I was initially prompted to write it because I have spent a lot of time over the last few months trying to find the ideal solution for businesses who are thinking about or are in the process of moving towards a DEV-OPS and Agile methodology.
The change, while essential to stay ahead of the game, is not an easy one to make or even explain, which is why it’s taken me so long to actually write this series of articles and open this potential can of worms.
In the first part of the article I took a closer look at the Agile Method and the challenges I had personally faced and what a perfect world of cybersecurity would look like - surely that’s a place we would all love to see :-)
Click here to read.
Agile and the security challenge
Now, here lies the first challenge, most of the time security architecture and security in general needs to take a holistic view.
As an example; take threat modelling, in order to do a proper threat model you would need a design of some sort of a conceptual idea of design.
With agile, you would never have that but at best some collective knowledge of the software.
What that means is that in order to have a security assessment (architectural or threat model) of a product you would need to do a retrospective one at a certain point in time.
That tells us that traditional architecture, threat modelling and other traditional techniques do not work in this modern approach to software development.
So, how do we make it all work together? Well, we could borrow some of the elements from our ideal world.
Let’s build in the automation, the principles and best practices. This enables the build by default of secure software.
Now the automation does not solve all the problems, but it definitely makes the review easier.
The retrospective approach with some time allocation to threat modelling could be a solution.
Two speeds of security architecture
There is no perfect one size fits all approach and an analysis of any team would enable the readiness for a DEV-OPS and Agile approach.
Moreover, the team will not naturally be ready for a DEV-OPS or Agile approach, which both require a cultural shift within any organisation.
Any change and cultural shift are affected by the following:
The time required for the change to take hold
Rejection of the change from the majority of the team and the adoption of it
Education and upskilling of the team with a mix of external resources to lead by example.
So going back to how security is affected by Agile methodology, well two speeds are required with a vision to move a team from one position (more waterfall and traditional architecture) to a more Agile one.
The change and shift take time, as well as a thorough evaluation of the team and the evolution in embedding security in design and development practices.
The key thing in the process is to have metrics and conditions very well defined to move a team from one speed to the other.
Measuring the conditions (or key security indicators) should be as automated as possible, this will prevent the human aspect and the bias that this implies.
In a traditional model, the idea is to have a forum that approves a design (conceptual and high level) before it goes in the development and testing.
This governance and approval also then apply to testing and production.
This model is more traditional and would be stopping things going into production but that does not stop existing vulnerabilities in production.
Using the Agile Method, the change and release tempo is much faster with several releases per day, per application.
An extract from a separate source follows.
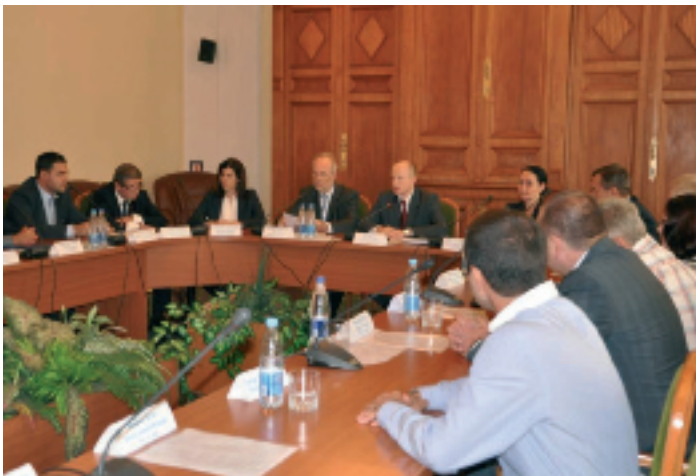
MedCruise and Marketing Project "Cruise Black Sea" meet to discuss ways of increasing cruise traffic to the Black Sea

Now in this model, the governance is not as strong and would be undertaken between the project phase and production phase.
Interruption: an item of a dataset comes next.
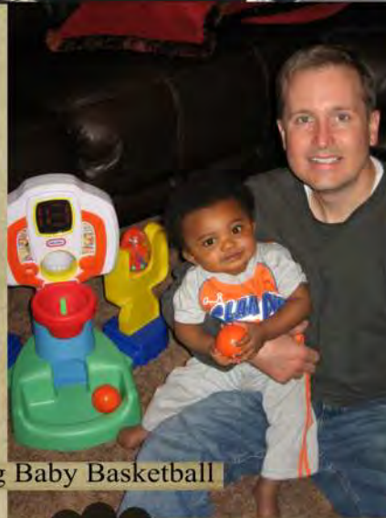
Playing Baby Basketball

With this method there are two options:
Gates to block the transition of a change to production
No gate between the production but repeated security scanning in production
Now the first method still relies on a traditional command and control approach even if it is more of a ‘light touch’ than the other method.
The second is more challenging as it requires more trust in development teams and more automated technical security testing.
This is also more complex to build and would require the following prerequisites:
Security best practices
Revised policies with security principles
Solid standards with security principles
Threat modelling on security impacting changes or new feature
Is important to lay out the definition of security changes. Security impacting change is anything that drastically changes the function of the application itself.
Perform an initial code scan
Strong development practices
Initial code scan
CVE checks against libraries
Build security artefacts into a repository
No deployment into the approved repository without a change request
Perform incremental scans of the code (for every change)
Perform retrospective static code analysis (if the change is significant)
Create machines from approved images (golden images)
Deploy the built images from the approved repository (with a hash)
Verify that the application deployed in the test machines has the same hash as the one in the repository
Perform security testing (security use stories)
Perform infrastructure scanning
Perform dynamic code analysis
Cycle between build and test unless all the major vulnerabilities are solved
Production phase: In order to deploy a build in production, all the major to medium vulnerabilities should be solved (in line with the risk appetite)
Perform library check
Perform vulnerability check on the infrastructure
Deploy patches on the machines and patches
Perform rebuild of the image and re-deployment of the application (build) from the approved repository
Perform check to verify that the application is deployed from the approved repository hash check
Verify that the libraries are updated and do not have vulnerabilities
The above enables automation with just ‘light touch’ architecture.
The security architecture will then be able to focus on identifying issues in production and working on common patterns, which would enable a consistent security posture across the production estate.
Depending on the effort and the risk appetite, it is possible to move to more automated security architecture and security practice.